Rocky Mountain (53rd) and South-Central (35th) Sections, GSA, Joint Annual Meeting (April 29–May 2, 2001)

Paper No. 0
Presentation Time: 1:00 PM-5:00 PM

THE MEDIAL BLANCAN (LATE PLIOCENE) ARROYO DE LA PARIDA LOCAL FAUNA, SOCORRO COUNTY, NEW MEXICO


SEALEY, Paul L.1, MORGAN, Gary S.2, LUCAS, Spencer G.3, CONNELL, Sean D.4, LOVE, David W.2 and JACKSON-PAUL, Patricia B.4, (1)New Mexico Museum of Nat History, Albuquerque, NM 87104, (2)New Mexico Museum of Nat History, 1801 Mountain Road NW, Albuquerque, NM 87104, (3)New Mexico Museum of Nat History, 1801 Mountain Rd NW, Albuq, NM 87104, (4)New Mexico Bureau Mines, 2808 Central Ave SE, Albuquerque, NM 87106-2245, sealeyi@aol.com

Vertebrate fossils were first reported in 1936 from Arroyo de la Parida in the Socorro basin, about 6 km NE of Socorro, Socorro County, New Mexico.
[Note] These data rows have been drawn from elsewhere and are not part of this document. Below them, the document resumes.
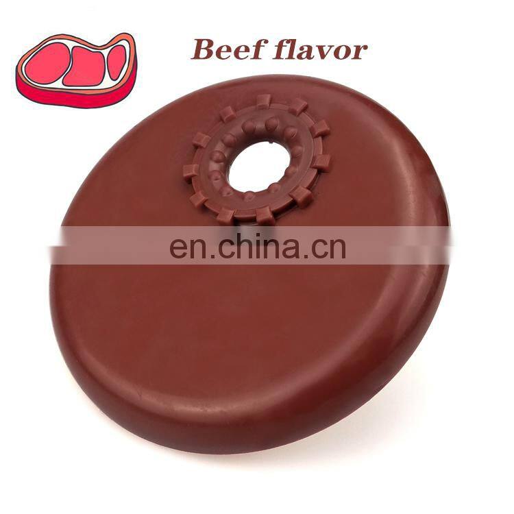 Description  | 1. Frisbee toy, TPR material, non-toxic, not edible. 2. Add food-grade flavor to the raw materials for injection molding. 3.There are 5 flavors to choose from: beef/chicken/bacon/milk/mint. 4. Appearance is suitable for dog cohesion.  |
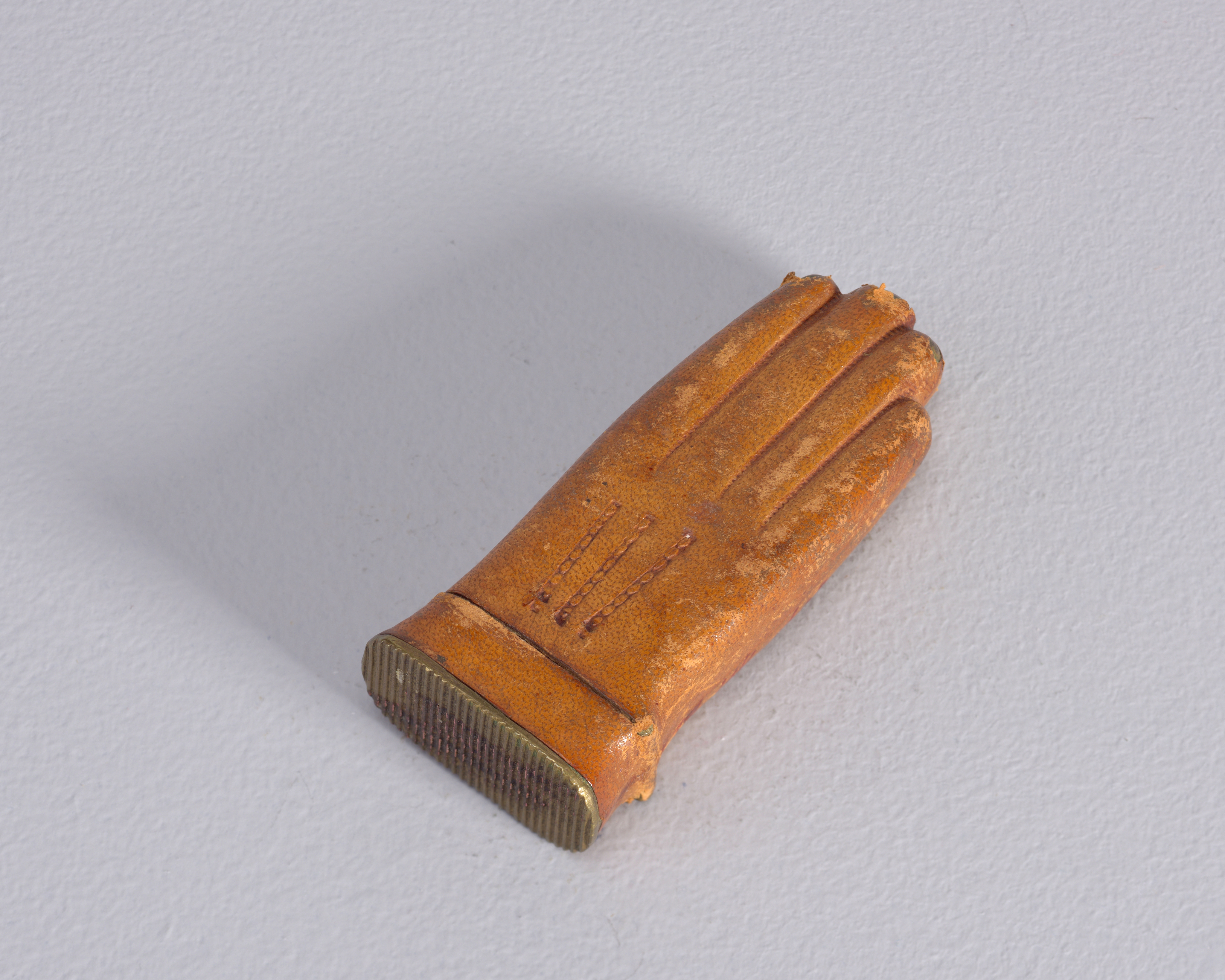 Leather Glove Matchsafe; brass, leather; 6.1 x 2.5 x 1.3 cm (2 3/8 x 1 x 1/2 in. ); Gift of Stephen W. Brener and Carol B. Brener; 1978-146-600
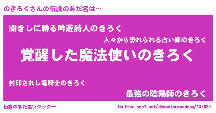| ポケモン風あだ名 | 『ヒノキロク』『ゼニノキ』 |
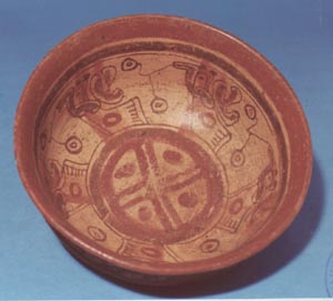Cuenco de vajilla Copador de silueta compuesta, base cóncava, borde ligeramente evertido. Decoración: en el interior 5 diseños zoomorfos abstractos los cuales están distribuidos alrededor de un diseño geométrico en el fondo. Este diseño consiste en un círculo rojo con una cruz en el centro. En cada cuadro que forma la cruz se encuentran 4…
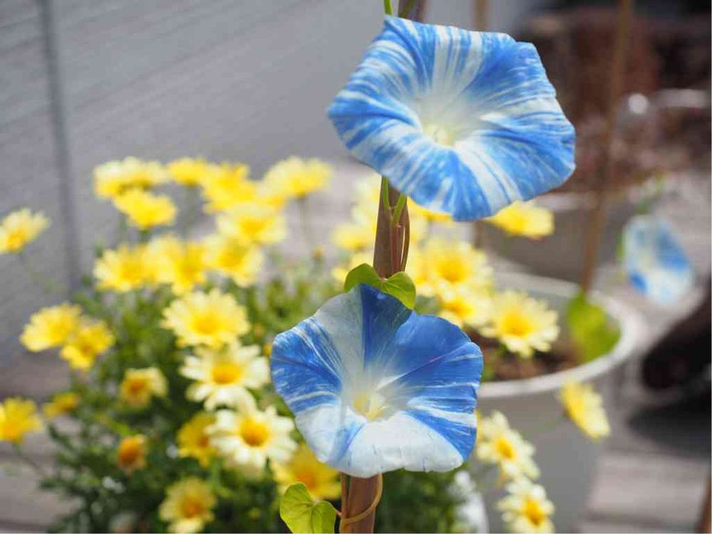 後ろのお花🌼(マーガレット?かな)がお互いを引き立てあってますよね✨
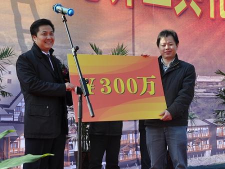 中新網(wǎng)12月31日電 據(jù)青田縣發(fā)展和改革局消息,12月28日,浙江省青田縣高市旅游接待中心舉行開工典禮。中國僑聯(lián)副主席、寧夏回族自治區(qū)僑聯(lián)主席、浙江省僑聯(lián)青年總會榮譽會長朱奕龍為開工典禮剪彩,并為高市村新農(nóng)村建設(shè)個人捐贈300萬元,青田縣領(lǐng)導王通林、楊雷、葉選君、陳海民、呂大德、舒志勇及縣相關(guān)職能部門代表參加了儀式。
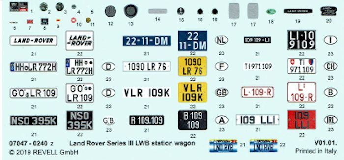 Bausatz: Als der Land Rover im letzten Jahr von Revell in Bünde angekündigt wurde, dachten viele an eine Wiederauflage bzw. Formentausch des schon in die Jahre gekommenen Landys aus dem Hause Italeri. Dem ist zu Glück nicht so. Revell liefert hier wirklich eine echte Neuheit aus, und die kann sich wirklich sehen lassen. Der Bausatz besteht aus insgesamt 184 Teilen verteilt auf 15 Gussästen, einer Karosserie, fünf Vinylreifen und einem Decalbogen. Die Details sind sehr gut gelungen. Die Oberflächenstrukturen sind hervorragend wiedergegeben.
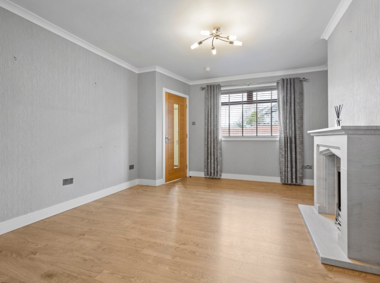 4.56m x 3.66m (15′ 0″ x 12′ 0″) The lounge is a generous main living apartment offering modern decor with ceiling coving, feature fireplace, laminate flooring and double glazed window to the front. Access to kitchen.

The Arroyo de la Parida local fauna is derived from a >70-m-thick succession of sand and gravel that constitute the axial-river (ancestral Rio Grande) facies of the Palomas Formation. This facies interfingers with, and is overlain by piedmont deposits derived from the eastern-basin margin. No fossils have been recovered from the overlying piedmont interval. Ten species are represented: the land tortoise Hesperotestudo; the ground sloth Megalonyx cf. M. leptostomus; the horses Equus cf. E. cumminsii, E. scotti and E. simplicidens; two camels, a large species of Camelops and a small species of Hemiauchenia; the small pronghorn antilocaprid Capromeryx; and two proboscideans, Rhynchotherium falconeri and Stegomastodon sp. Five of these species are restricted to Blancan faunas, and the most biostratigraphically diagnostic is Rhynchotherium, which became extinct in the late Pliocene (~2.2 Ma). The lower jaws of R. falconeri from Arroyo de la Parida were collected near the top of the local section, suggesting that the entire fauna, most of which occurs some 40 m lower in the section, is older than ~2.2 Ma. An early Blancan age for the Arroyo de la Parida local fauna is excluded by the presence of E. scotti, Camelops sp. and the small Hemiauchenia, which first appear in New Mexico faunas during the medial Blancan (2.6-3.7 Ma). The absence of South American immigrants that arrived following the Great American Interchange suggests that the Arroyo de la Parida local fauna is older than 2.7 Ma. The Arroyo de la Parida local fauna is thus interpreted to be medial Blancan (2.7-3.7 Ma) in age and is younger than the 4.9-Ma trachyandesite flow at San Acacia, which is exposed about 13 km to the north.